作者:祝君龄
“不说了,陛下也该饿了,咱们还是先用膳吧。”她抬起手为老皇帝盛了汤,这才摆摆手示意林双到自己这边,笑着说道,“今日不同以往,却还是需要林双你先尝尝这些菜品的。”
林双颔首点头,然后同往常一样,先将食物都各取用一些,第一遍用银针试毒,第二遍品尝菜品是否安全。
片刻后,他又从中挑出几样食材里对云心不太好的食物,将完全安全的说了出来。
这一幕幕别说其他人,便是老皇帝都看得认真。
皇宫里并非没有试菜之人,甚至还要更严苛一些。需得经过五六个宫人试用后才敢送到皇帝面前,可像是林相晚这样严谨,周道 ,又显得极为与众不同的还是第一个。
“你这女官手段倒是新奇,如此细致,朕也是头一次见到。”
“要么只有林双才帮了臣妾那么多,还调养好了我这不少人都调理不好的身子呢。”云心嘴角带笑,不吝啬自己的夸奖,也让皇帝清楚林相晚的重要性,“单是这能力,便是独一份的。”
“确实如此。”老皇帝颔首,对这话也颇为赞同。
他们这边其乐融融,另一边站着的尚方司太监心里却已经颤了一颤。
他悄悄看向一旁伺候的周弘,可惜宗主一点视线都没有分给他。虽说在陛下面前,对方依旧笑容灿烂,可尚方司太监心里却发寒起来。
今日这情况,究竟是什么意思?
还有那林双,有那么大能量?让六局一司的人给他撑腰也就算了,就连云昭仪还有容才人居然也替他说话。
不就是个女官吗?能力确实有一些,但也不至于有这么大的能量吧?
尚方司太监越想心里越不平衡,望着林相晚的目光也带了一丝戾气。在场哪个不是人精,很快便捕捉到了他这情绪。
周弘皱了下眉头,心里不解自己怎么会将事情交给这样的蠢货。
老皇帝已经点了点桌子,看着这太监询问道:“你便是调查此次内侍被杀案件的人?”
“是,陛下,臣是尚方司的马征。”马征连忙开口,“今日凌晨,神宫监的小太监发现他们住的排房少了两个人,当即将消息上报,后来我们顺着调查出来,这两人昨日说要去倚翠宫办事,就是在这途中,两人消失无踪,众人一路查探,最终在一处偏殿的库房里找到了死去的二人。于是这消息便立即汇报到了尚方司,又送到陛下这里。”
“这两人死状凄惨,一人头顶破开血洞,按照仵作的说法,应是一击毙命,只是并未在他的身体里发现凶器,至于另一人,胸口则是被匕首破开,诡异的是,在那库房中并未发现争斗的痕迹,两人死得极为迅速。”
“尚方司通过排查,发现在他们失踪之前去了倚翠宫,当时只有女官林双也去了哪里,臣这才想将人带走问询,哪知却被尚食局的庄尚食阻拦。”
他倒是句句委屈,可经不住话里满是漏洞。
云心捂住嘴角,轻笑着说道:“你是说,林双去倚翠宫的时候,正巧突然碰到了这两个神宫监的内侍,然后悄无声息将他们带到了偏殿的库房,又在没有任何争斗的时候,将两个人直接杀死,还是一人穿心,一人洞穿额头,这消息传出去,怕是那些僧人道士们该抢着林双回去做徒弟了,哪还能用在皇宫里当个女官呢?”
云心平日里温声细语,说话也是柔和,如今做出这嘲讽之态,倒是另有一番生趣,以至于老皇帝瞬间色心生起,看她的目光都迷恋起来。

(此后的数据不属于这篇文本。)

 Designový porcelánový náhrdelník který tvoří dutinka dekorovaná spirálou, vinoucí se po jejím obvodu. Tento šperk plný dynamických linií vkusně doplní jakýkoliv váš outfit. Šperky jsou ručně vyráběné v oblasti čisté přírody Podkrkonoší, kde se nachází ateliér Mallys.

林相晚有些咋舌,对老皇帝的昏聩再次有了新的认知。不过这会,他还要利用对方教训一下这尚方司的人呢。
想要害他,也要看看自己本事够不够。
于是,林相晚便顺着云心的话说道:“昭仪说的是,我过些日子去神像前拜拜,没准便会有仙人指路,保佑我不被小人暗害。”
两人你一言我一语的讥讽让马征有苦难言。
可他能怎么说?难道说自己知晓,神宫监那两人就是为了对付林相晚才过去的。
结果林相晚安然无恙,这两人死了,一看就是林相晚有问题吗?到时候陛下问他怎么知道这些,又问他们为什么对付林相晚该怎么办?

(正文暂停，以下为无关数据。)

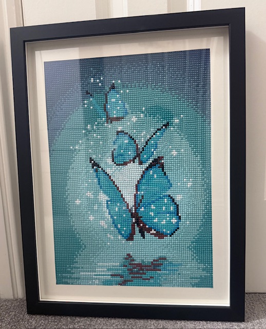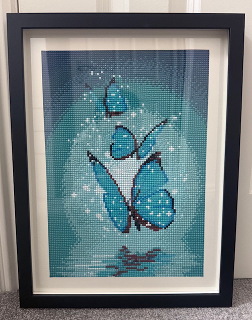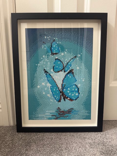 The price reflects the 30×40 cm size, the detailed hand‑placed resin drills and the framing. This handmade diamond painting of three blue butterflies is a unique, one‑of‑a‑kind piece, fully finished and ready to hang. Each artwork is crafted with precision to ensure long‑lasting sparkle, durability and a premium decorative finish.

马征有苦难言,偏偏自己小看了林相晚的影响力,没想到这是个硬茬,这会将事情办错,宗主也不好保他。
除此之外,他也有些疑惑。
那就是神宫监那两人究竟是怎么死的。
若非清楚真正的前因后果,便是他也不相信林相晚能杀死这两个人。
还是说,这皇宫内还有他们也掌控不了的危险人物?
马征急得额头冷汗直冒,林相晚却不放过他。
在老皇帝让他开口解释以后,林相晚直言道:“这杀了人,无论是凶器还是证据都该有的,臣问心无愧,尚方司的诸位大人大可以去搜寻,看看我的住处是否藏有凶器或者相关的证据。”

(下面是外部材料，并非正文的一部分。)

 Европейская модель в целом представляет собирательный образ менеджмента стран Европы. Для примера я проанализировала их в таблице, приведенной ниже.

不过马征他们能找到才就怪了,沾了血的衣服已经被傅空青带走销毁。至于凶器,一把是神宫监那两人自己带着的,还有一枚暴雨梨花针的毒针也早就回收,这群人就算掘地三尺,也不会有证据出现。
不过林相晚可不打算轻易放过他们。
“除此之外,我还有些好奇,那就是他二人为何会去倚翠宫?”林相晚笑了一下,“我是被容才人喊去的,枕霞阁的明珠可以作证,那两人呢?”
听到他这么说,绿盈连忙说道:“我没有!”
迎着林相晚看来的视线,绿盈咬唇说道:“我白天一直待在倚翠宫,根本没有让人唤林双过去。”
“如此吗?”林相晚沉思,“那就更奇怪了。”
“突然出现在倚翠宫路上的内侍,还有故意引诱我去那里的消息,莫非,他们是要对我动手?”林相晚精准抓住了重点,“既如此,我倒是明白无缘无故的,大人为何找到我了。莫非是知晓这其中的内情?所以觉得这两个本该对我动手的人死了,是因为我的反击?”
他一字一句说得缓慢,如同一块巨石压在马征的心理,吓得他几乎要魂飞魄散。
“你,你莫要胡言!什么故意害你,不过是你的猜测罢了,我们找你,也不过是因为你和两个死者恰好经过了同一处。”
“是与不是,先将那假传消息的小太监带来不就知道了。”林相晚分毫不让。
云心同样添了一把火:“看来,这事是冲着臣妾来的。有人看不过林双救了臣妾,到现在还不死心,想要对他动手。”
林相晚一言,她一语,就打算将林相晚直接定性成真正的受害者。
偏偏,真相还确实如此。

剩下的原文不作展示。